■ **REQUIREMENT**
Exactly reproduce the lines from the one containing "Zunächst sucht ihr" through the last line of the data, both ends included, leaving out pictures.

BEGIN DATA TO EXAMINE

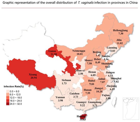 Graphic representation of the overall distribution of T. vaginalis infection in provinces in China. The T. vaginalis infection rate is shown in different colors.
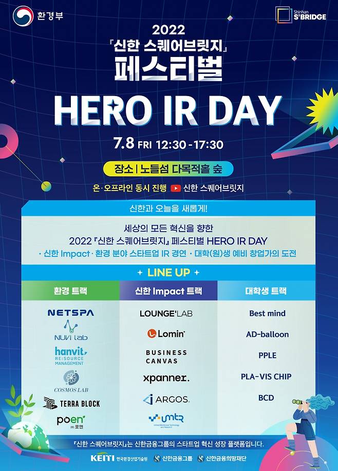 한편 스타트업 생태계 확대와 시민들과의 공감대 형성을 위해 마련된 '2022 신한 스퀘어브릿지 페스티벌'에는 7월 8일 스타트업 IR경연 대회인 HERO IR-Day가, 7월 8일 늦은 오후와 7월 9일에는 김경일, 김상욱, BE'O, 이승윤, LUCY, N.Flying, 박세리, 오은, 정세랑 등 초특급 게스트와 함께하는 'CULTURE Day'등 다양한 행사가 진행될 예정이다.
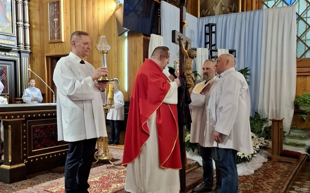 W Wielki Piątek w naszej parafii odbyła się uroczysta Liturgia Męki Pańskiej, która zgromadziła licznych wiernych pragnących wspólnie przeżywać tajemnicę cierpienia i śmierci Jezusa Chrystusa. Nabożeństwo rozpoczęło się w ciszy, wprowadzającej w atmosferę skupienia i modlitwy. Podczas liturgii wysłuchaliśmy opisu Męki Pańskiej, a następnie modliliśmy się w uroczystej modlitwie powszechnej
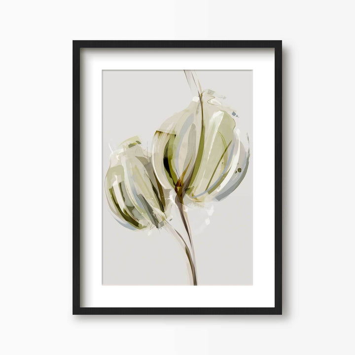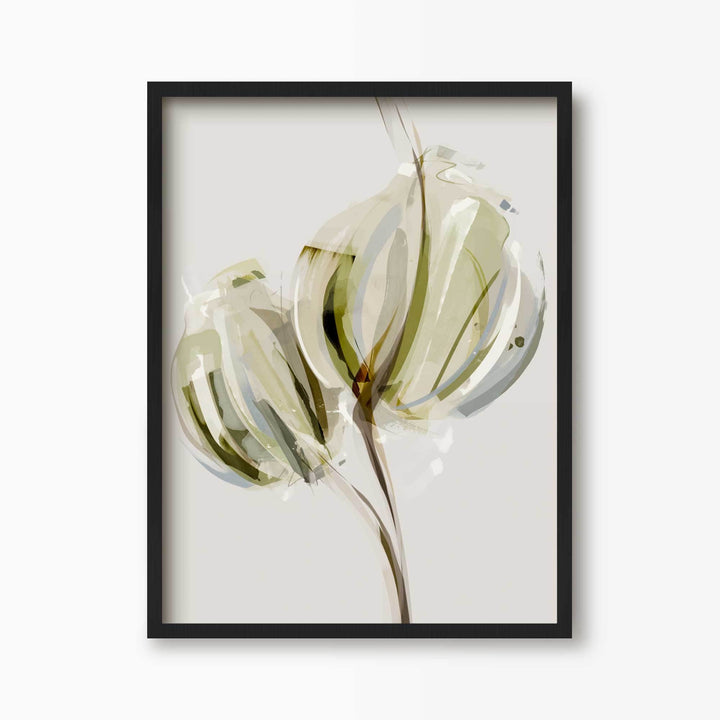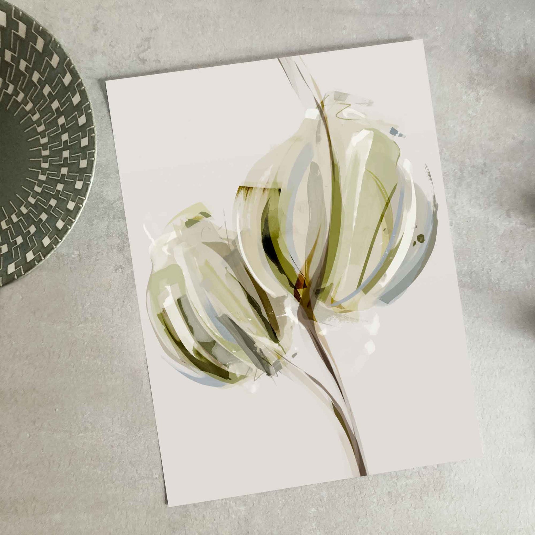 Our Best Buds abstract floral canvas is bloomin’ lovely for light, minimalist interiors. With loosely painted green buds and subtle hints of blue against a warm neutral background, this small framed floral wall art works beautifully in a bathroom, home office, or styled corner.
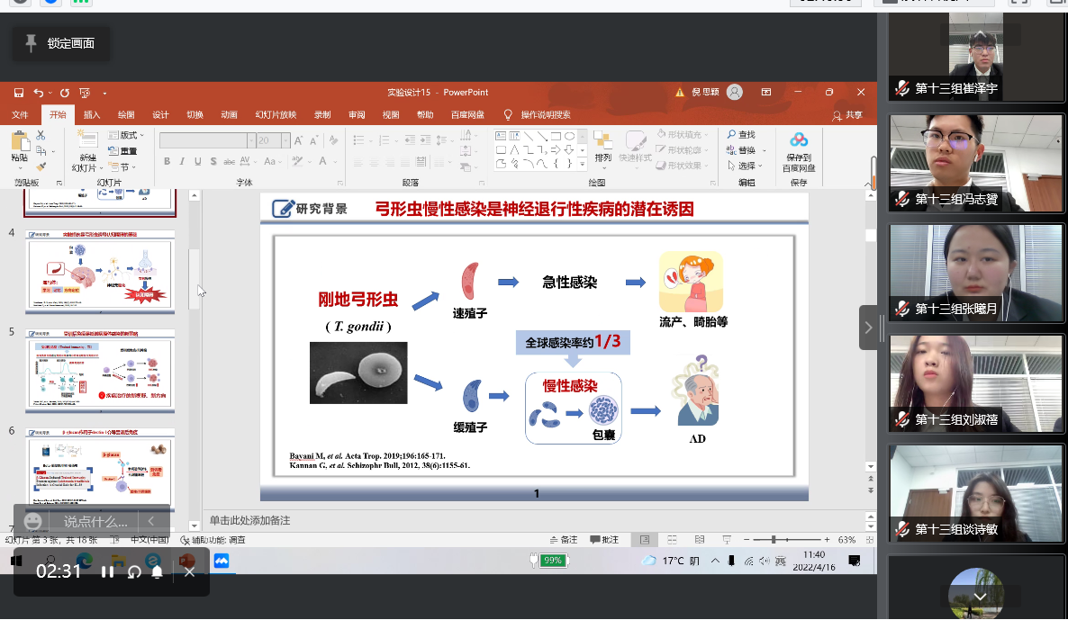 本次论坛自2022年1月8日起在全校范围进行了广泛遴选准备,共有来自第一临床医捕鱼达人 、麻醉捕鱼达人 、药捕鱼达人 、生命科学捕鱼达人 等组建的27个团队的指导老师及选手100余人参加。论坛分为创新研究项目和实验设计项目,捕鱼达人 组织的参赛项目共涉及基础临床、预防医学和中医药学三个学科组,选手们通过PPT汇报和回答评委提问两个环节,从立项依据、技术路线、可行性及创新性等方面阐述团队的作品和观点。经过激烈角逐,最终,基础临床组评选出特等奖2项、一等奖4项、二等奖6项,优胜奖9项;预防医学组评选出一等奖1项,二等奖1项,优胜奖1项;中医药学组评选出一等奖1项,二等奖1项,优胜奖1项。评审组曾令宇教授、张咏梅教授分别对比赛项目进行了精彩点评。她们肯定了指导老师们的辛勤付出、同学们饱满热情的态度和实验创新能力,同时也对参赛项目给予了指导与修改建议。
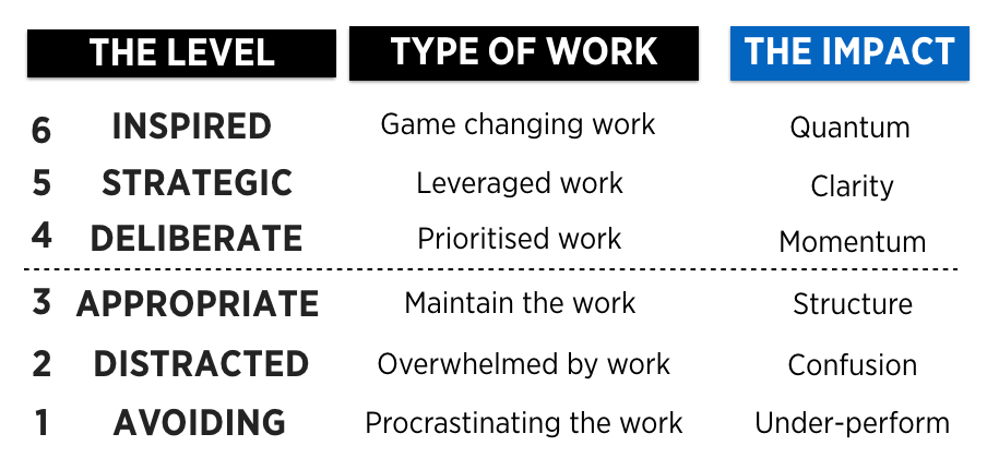 The Productivity Academy is designed you to take you from levels 1,2 and 3 into levels 4, 5 and 6. It will help you to move out of procrastination, overwhelm and distraction into deliberate strategic and inspired work.
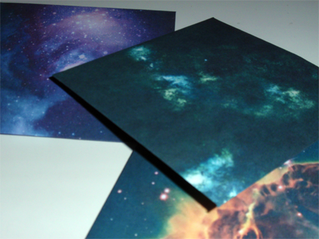 Zunächst sucht ihr euch Fotos heraus, auf denen man Galaxien sehen kann (am schnellst geht dies über google und den Suchbegriff Galaxy). Ich bin unter anderem auf den Seiten desktopwallpaper-s.com und hidefwallpaper.org fündig geworden. Diese Fotos druckt ihr nun im Din-A4 Format aus (achtet bei der Qualität der Bilder darauf, dass sie nicht zu gestreckt nach dem drucken wirken).
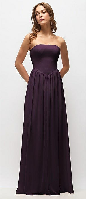Strapless Basque Drop Waist Chiffon Maxi Dress with Shirred Skirt in aubergine
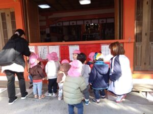 散歩車に乗って荒田八幡宮に初詣に行きました。

END DATA TO EXAMINE

■ **RESULT**
 Zunächst sucht ihr euch Fotos heraus, auf denen man Galaxien sehen kann (am schnellst geht dies über google und den Suchbegriff Galaxy). Ich bin unter anderem auf den Seiten desktopwallpaper-s.com und hidefwallpaper.org fündig geworden. Diese Fotos druckt ihr nun im Din-A4 Format aus (achtet bei der Qualität der Bilder darauf, dass sie nicht zu gestreckt nach dem drucken wirken).
Strapless Basque Drop Waist Chiffon Maxi Dress with Shirred Skirt in aubergine
 散歩車に乗って荒田八幡宮に初詣に行きました。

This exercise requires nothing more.